Yes; but if Celestia did visualize that, she’d trust and follow the equations.
So, a writer has to write for two completely different audiences. One understands the story and thinks about it causally. One audience understands it only on the level of “immortal is sad, immortality bad”.
(Which is larger: The difference in intelligence between these two groups, or between the second group and dogs?)
Thanks! Maybe someday I will rework it and resubmit it to EqD. They didn’t like it.
Well, the authorial possibilities are certainly enormous. “The Sword of Good” runs on this, for example.
Agreed. I suspect that you probably can’t explain the story you want to the audience you have. Being more explicit about it might help, but… eh.
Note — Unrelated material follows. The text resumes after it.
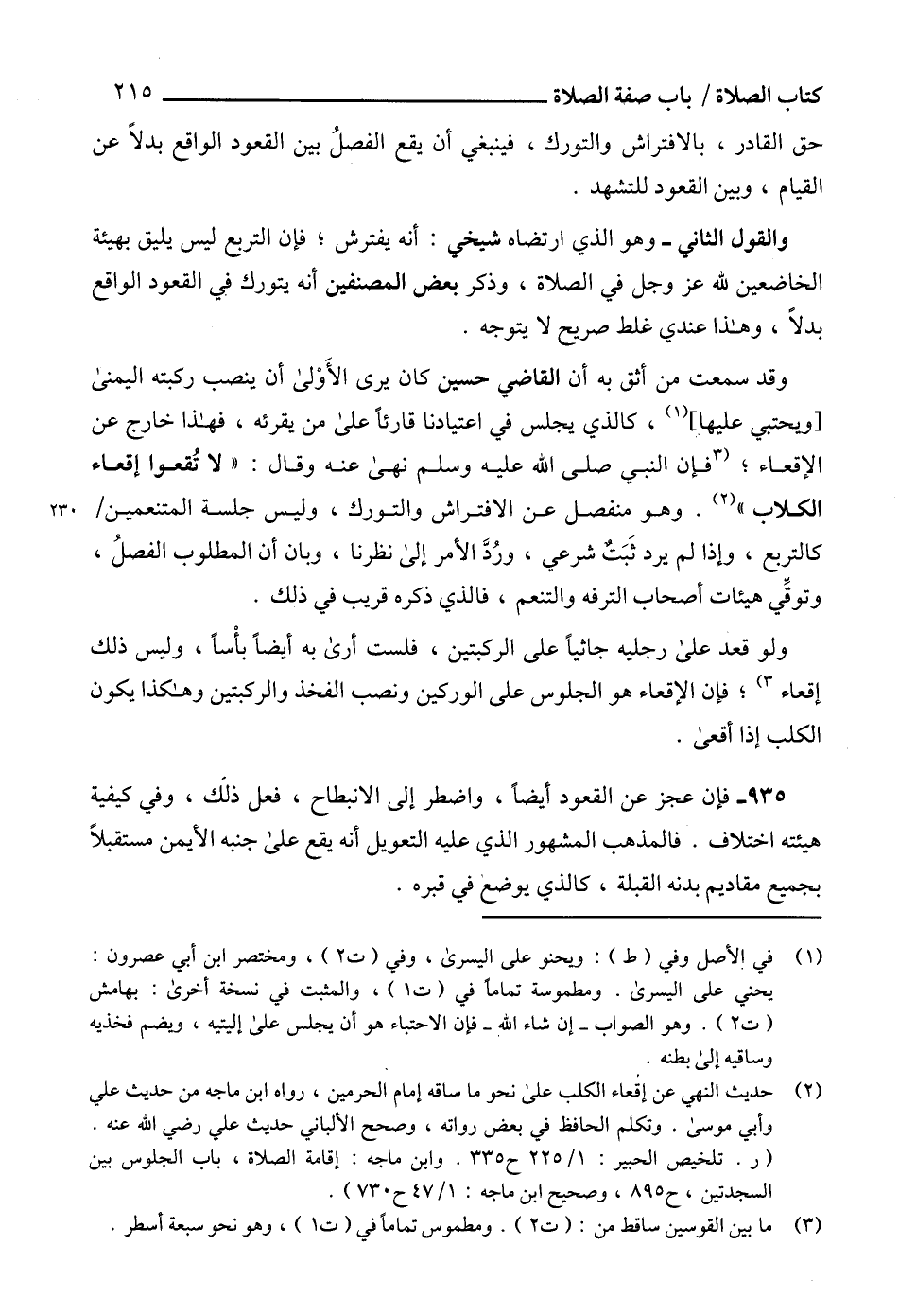 (¬1) في الأصل وفي (ط): ويحنو على اليسرى، وفي (ت 2)، ومختصر ابن أبي عصرون: يحني على اليسرى. ومطموسة تماماً في (ت 1)، والمثبت في نسخة أخرى: بهامش (ت 2). وهو الصواب -إن شاء الله- فإن الاحتباء هو أن يجلس على إليتيه، ويضم فخذيه وساقيه إلى بطنه.

This depends on what metric you use to measure and what purpose you want to direct those intelligences towards. In general, the latter difference is larger.
From my reading of their response, if you drop the first two endings and make it explicitly a one-shot, it’ll pass muster on word count. It’s short, but that’s because it’s written with beautifully economic prose. (The “very flat” description just seems odd to me- that’s the point! I don’t know if you just need to find a sympathetic pre-reader or explaining the reason behind it will be sufficient.)
Yes, but the first two endings lead up to the third ending. Starting with the sad ending makes the happy ending happier. I really don’t like making stories worse for EqD. (They’re also bad about first-person narrative—the pre-readers sometimes complain about first-person narrative that isn’t grammatically correct.)
The pre-reader’s interpretation of the word limit rule was arbitrary—the rule just says “2500 words”, nothing about alternate endings. It was silly for him to interpret the lower limit on words so that removing words makes the story appear to have more words.